--- Dataset extract ---

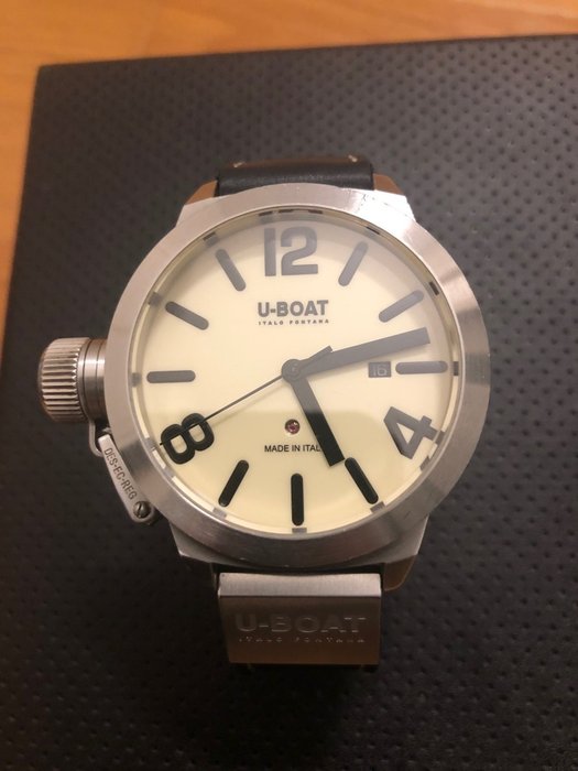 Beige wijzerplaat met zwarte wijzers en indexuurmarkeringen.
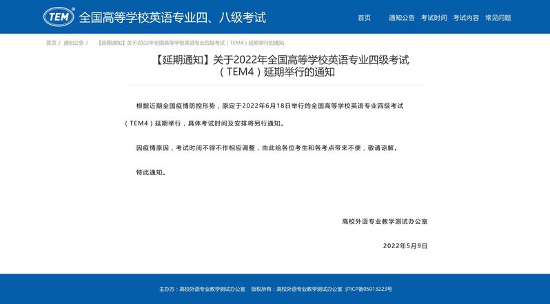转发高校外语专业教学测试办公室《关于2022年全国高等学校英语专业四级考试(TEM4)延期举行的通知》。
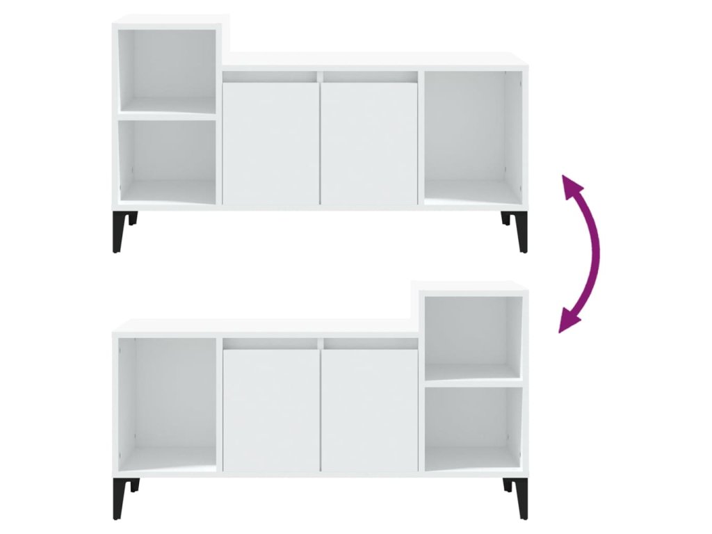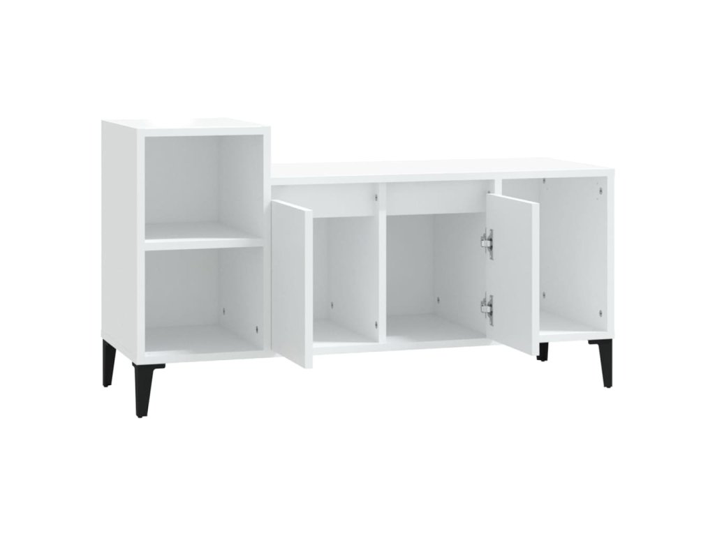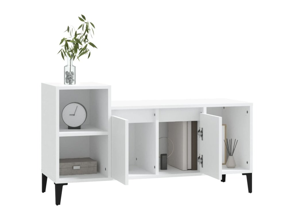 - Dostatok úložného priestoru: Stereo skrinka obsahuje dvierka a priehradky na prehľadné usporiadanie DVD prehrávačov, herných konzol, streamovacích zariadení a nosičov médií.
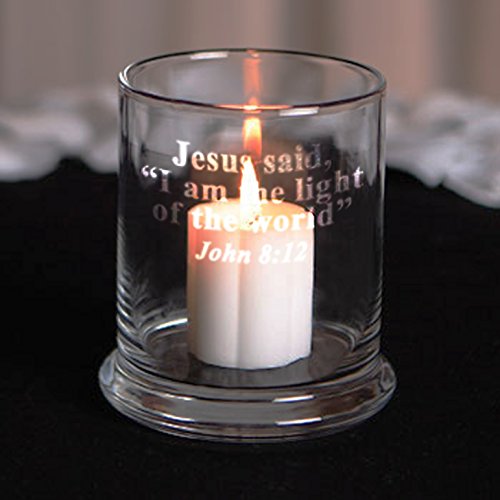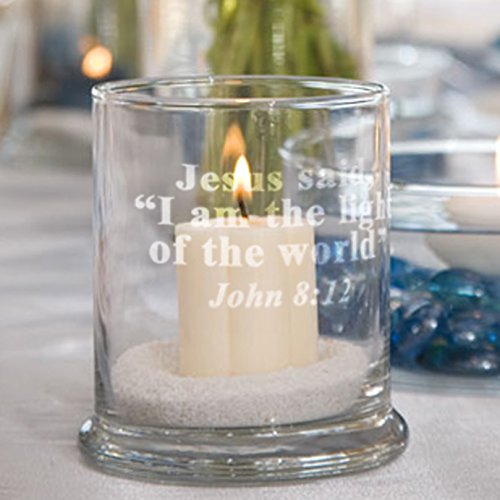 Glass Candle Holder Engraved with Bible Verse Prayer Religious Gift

---

__Required action__: The output should be the lines from the one with "- Dostatok úložného" through the end of the material above, both ends included, printed exactly and nothing else. Drop the pictures.

__Reply__:
 - Dostatok úložného priestoru: Stereo skrinka obsahuje dvierka a priehradky na prehľadné usporiadanie DVD prehrávačov, herných konzol, streamovacích zariadení a nosičov médií.
 Glass Candle Holder Engraved with Bible Verse Prayer Religious Gift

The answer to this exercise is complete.